This study involves experimental investigation of rheological and hydraulic characteristics of aqueous based polymeric and surfactant fluids in straight and coiled tubing. The fluids matrix includes guar, HPG, PHPA, welan, xanthan, and surfactant. Bohlin rheometer was used to evaluate rheological and viscoelastic characteristics. For hydraulic characteristics, small- and large-scale flow loops were used.

It is observed that all fluids exhibit comparable non-Newtonian behavior and improved viscous and elastic properties. Among polymeric fluids, guar and welan provide better viscosity and suspension properties. Surfactant is significantly affected by the formation of rod-like micelles and other microstructures.
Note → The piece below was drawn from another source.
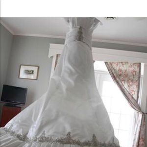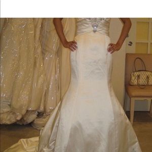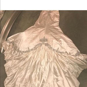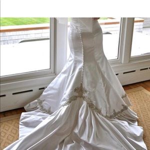 @regiinaaa164543 thank you! There is a missing button and a stain on the train from outdoor pictures. The dress hasn’t been dry cleaned, which is why I priced it low.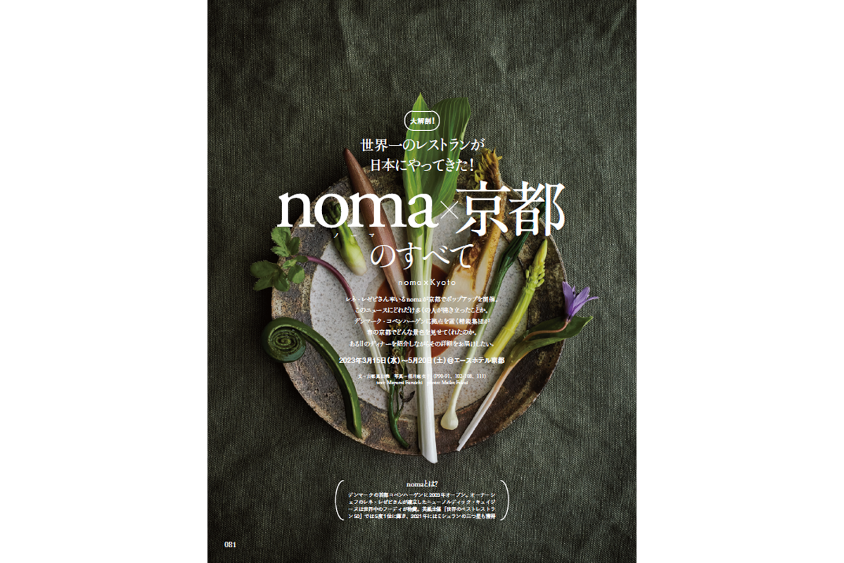 そんな名実ともに“世界一のレストラン”であるnomaが、京都でポップアップを開催。春の京都でどのような景色を見せてくれたのか? ある日のディテーを入り口に、nomaというチームをひも解き、唯一の日本人R&Dヘッドシェフ・髙橋惇一さんには独占インタビューを行いました。そのほか、noma×京都を彩ったニッポンのうつわ作家の一人、壷田和宏さん、亜矢さん夫妻の元へと足を運ぶと、彼らが共鳴した理由が見えてきました。noma×京都の徹底解剖、永久保存版です!

Master curves for rheological and elastic properties are developed using the molecular theory approach. The foremost benefit of these curves is its dimensionless form that provides a unique technique to predict viscosity for all fluids.

For hydraulic properties, friction losses in coiled tubing are significantly higher than in straight tubing due to centrifugal forces and secondary flows. Surfactant is more sensitive to shear field applied where different microstructures are induced and thus they exhibit better drag reduction characteristics than polymeric fluids especially in coiled tubing with larger sizes. However, in straight tubing, guar shows better drag reduction characteristics than surfactant and other polymers, which diminishes as tubing size increases. However, welan gum exhibits a comparable performance. Overall, all fluids are considered good candidates as fracturing fluids with specific features for each. Unique characteristics of each fluid is discussed and explained in more details within the context of the present paper.